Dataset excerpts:
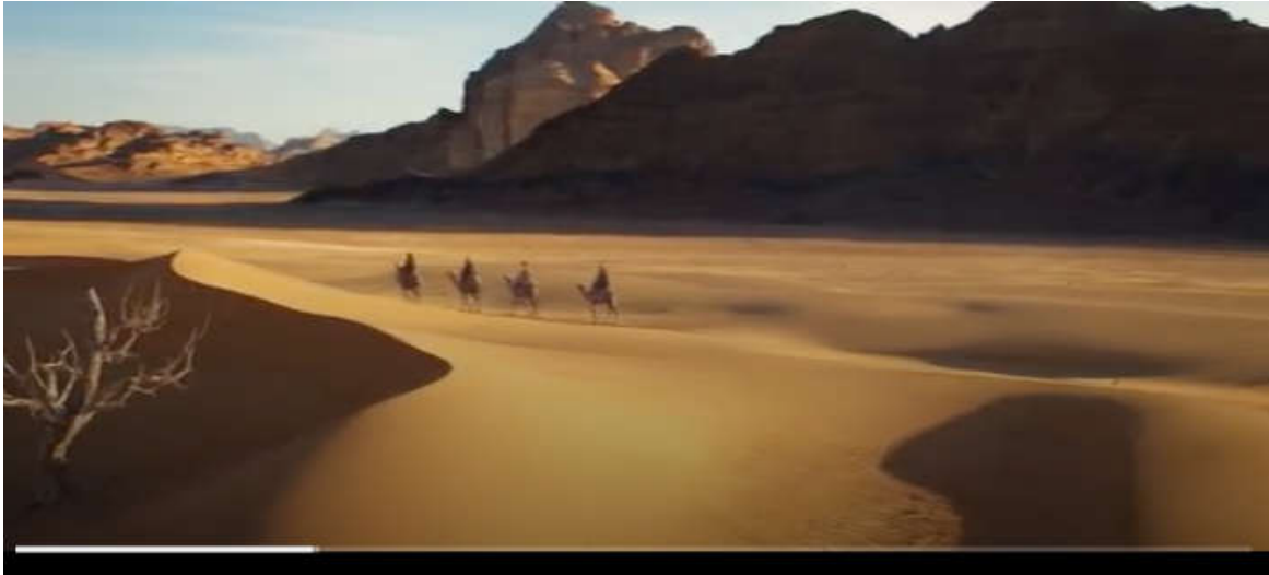
Figure 2: Screenshot 30 :41, Setting of Aladdin 2019

nations are desert places where the “heat is intense,” where camels and caravans roam. This might imply that the Oriental subject cannot thrive nor survive outside of the Sahara. In addition to the luxury castles and wealthy sheikhs, geography figures a slew of prejudiced depictions.
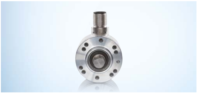
Different mounting hole patterns are available in the face mount flange, and ensure high flexibility for mechanical integration.
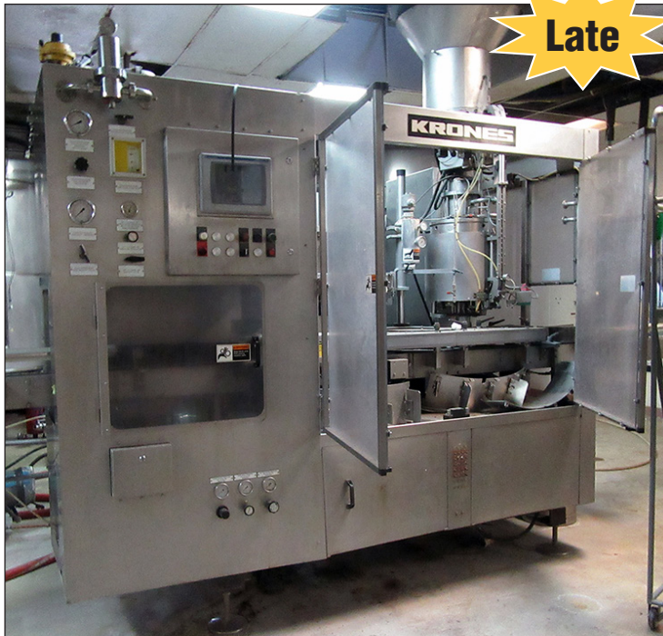
Krones Bottle Filler
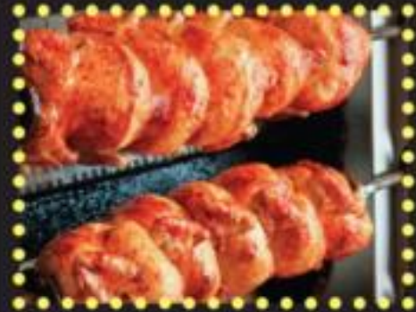
Food service spice blends and procedures training.
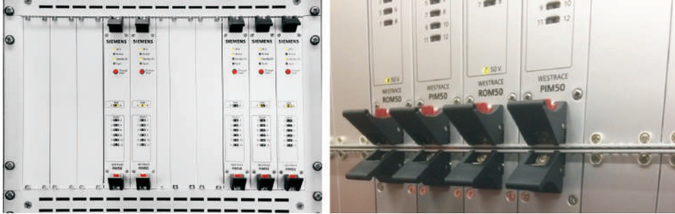
Fig. 1. Equipment of Trackguard Westrace Mk II
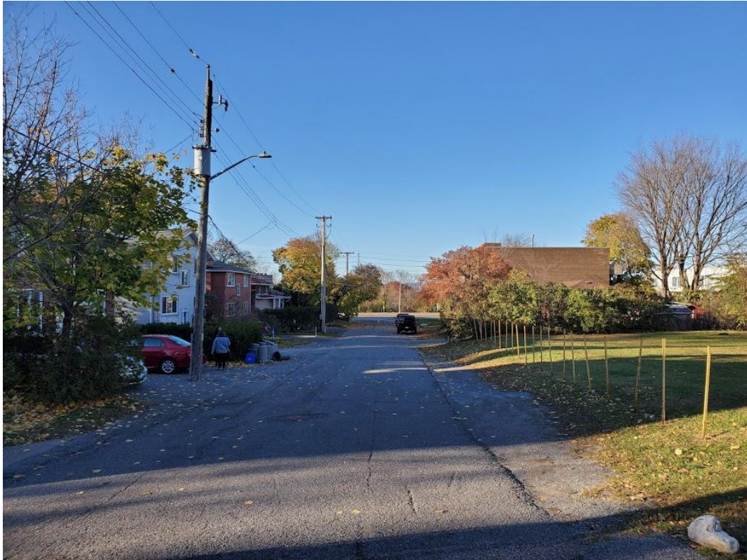
Photo 11: View of Vick Avenue from its south end, with Carling Avenue in the distance
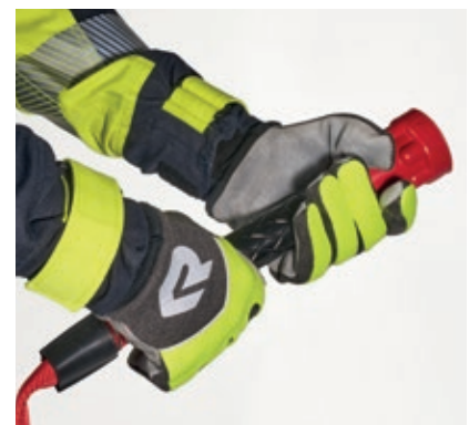
Unrestricted mobility and excellent tactility

The performance levels were confirmed after 5 wash cycles (40 °C). Note: These gloves offer no protection against bacterial, chemical, electrical, or thermal hazards.
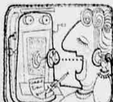
ORDER BY PHONE
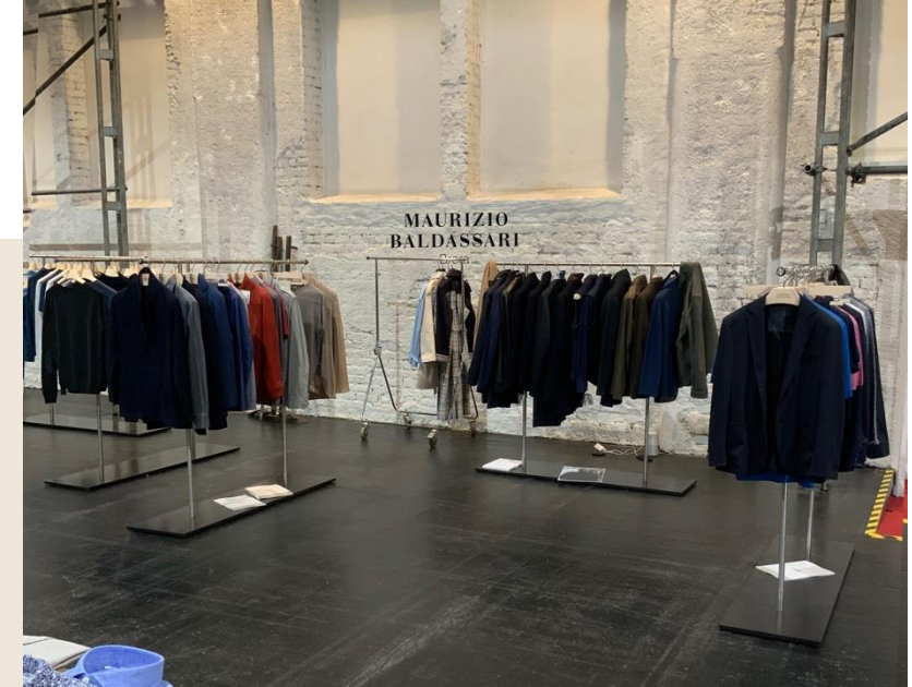
Munich, Amalien Straße 51, Rückgebäude, Germany
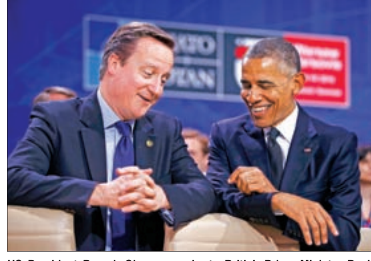
US President Barack Obama speaks to British Prime Minister David Cameron during the NATO Summit in Warsaw, Poland on 8 July 2016.

Obama discussed the procedure for Britain's withdrawal with the heads of the main EU in-
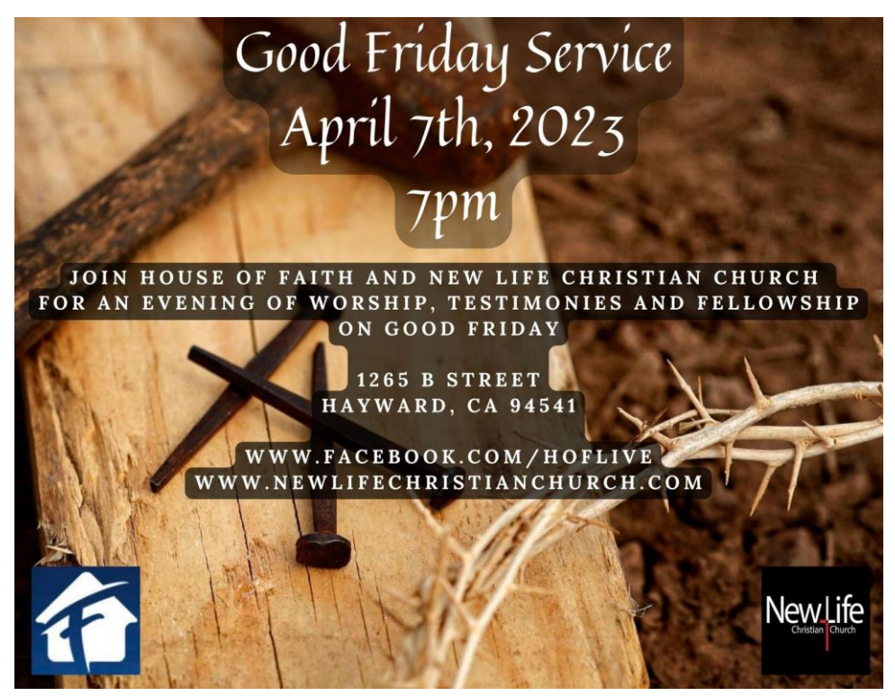
NLCC & HOF Combined Service Friday, April 7<sup>th</sup> at 7:00 pm
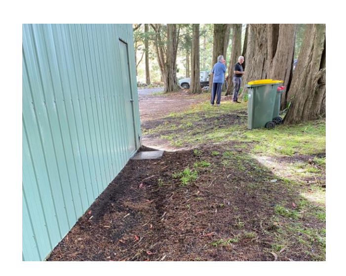
Great clean up job gentlemen!
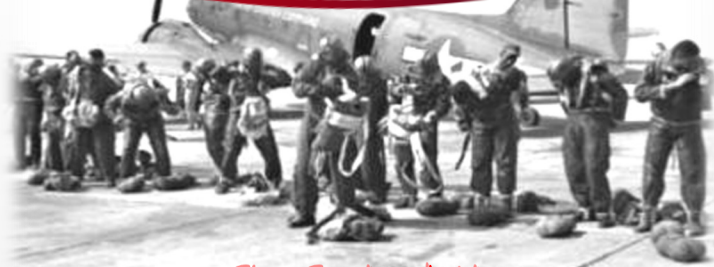
The Triple Nickles
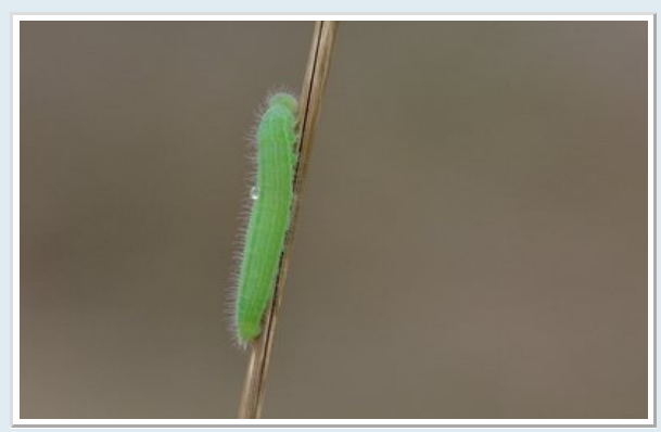
Wall Brown larva. 2/2/2017.

• **Required action**
State how many lines of the records contain the word "Obama". Give that number alone.

• **Answer section**
2